Bloomberg, citing people familiar with the matter, reported that the US Federal Trade Commission (FTC) is probing if Apple is using its position as the largest seller of music downloads through its iTunes store to put other music streaming services at a disadvantage.
The enquiry comes as Apple is trying to reach deals with more than a dozen artists including Florence and the Machine for limited exclusive rights to music as part of its plan to revamp Beats Music. It is expected to complicate the revamp efforts, sources told Bloomberg.
FTC officials have discussed Apple's practices with more than one record label, music-industry executives with knowledge of the matter told Bloomberg.

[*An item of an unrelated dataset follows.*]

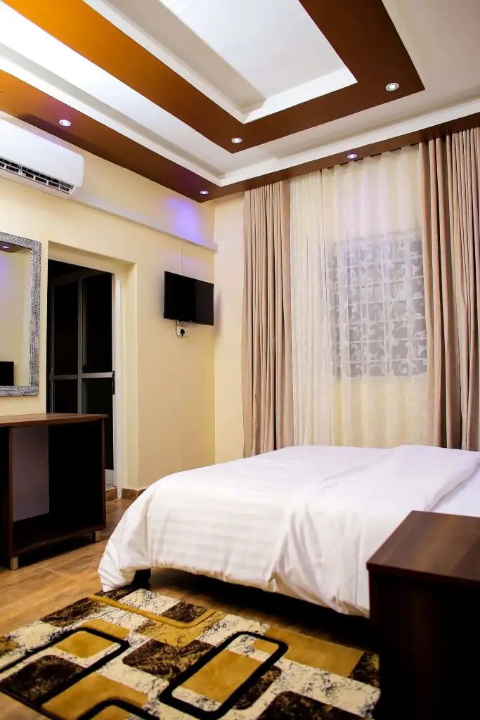 Enjoy the impressive executive suites, spacious air conditioned rooms, DStv connections, 24 Hours security, Hot water, Laundry services, Room Services, Internet Connection and arranged airport pick-ups.
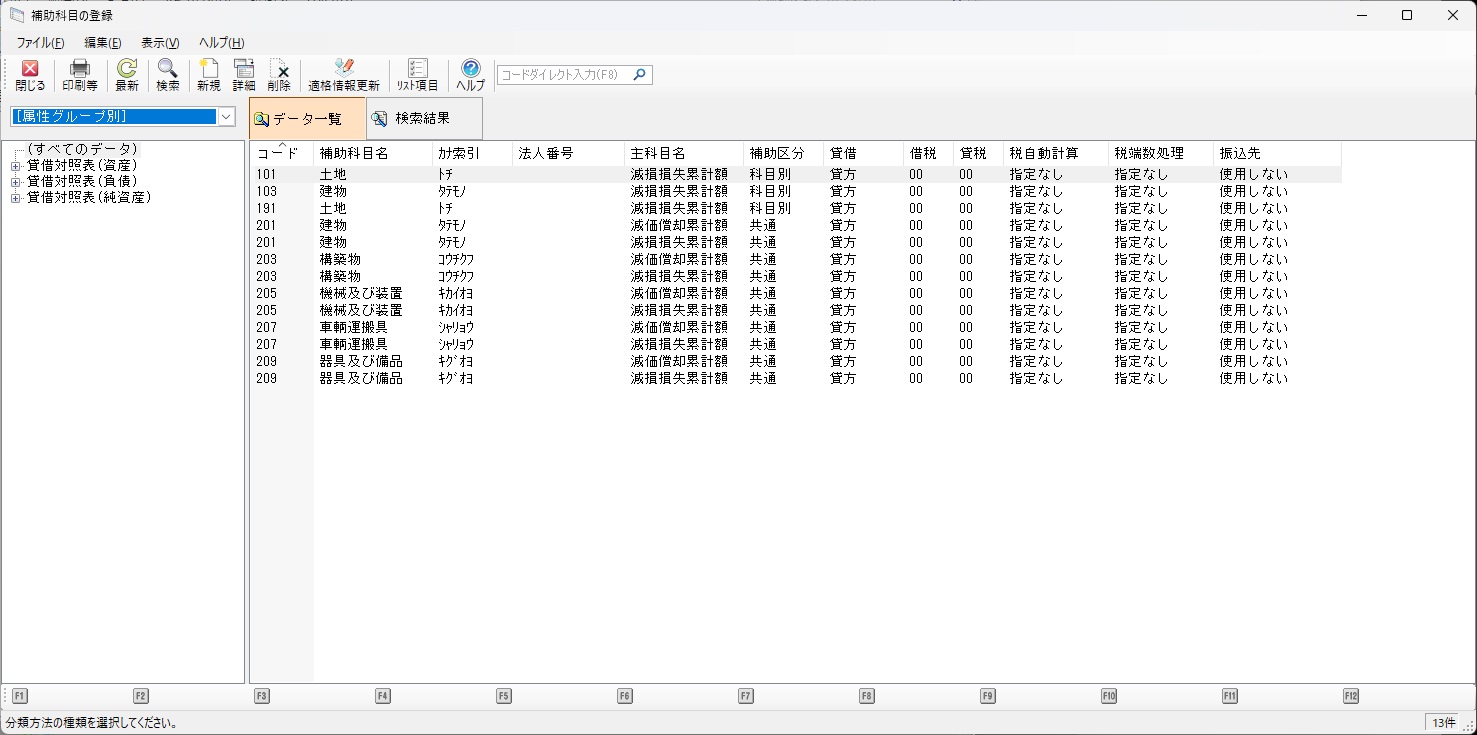 • 同じ補助コードでも補助名称が異なると、補助科目は主科目ごとの管理となります。

The FTC investigation is still in its early stages. The investigators are probing whether Apple's efforts will change the way music labels work with other streaming services, for example curtailing ad-supported music and pushing more songs into paid tiers of service at higher rates, one of the sources told the news agency.
Apple is set to re-launch Beats Music in the coming months, possibly with a new name. There will be a $9.99 (£6.80, €9.40)-a-month subscription for individuals and a family plan for $14.99, according to media reports.
In May 2014, Apple bought audio equipment and music streaming company Beats for about $3bn, in order to cash in on the fast-growing music streaming industry.
Streaming revenue surpassed CD sales in the US in 2015, and music streaming is likely to surpass downloads in 2016, according to MusicWatch.
Last year, revenue from streaming subscriptions, Web radio and music-platform ads grew 29% to $1.88bn, according to the Recording Industry Association of America. Subscription streaming brought in $799m.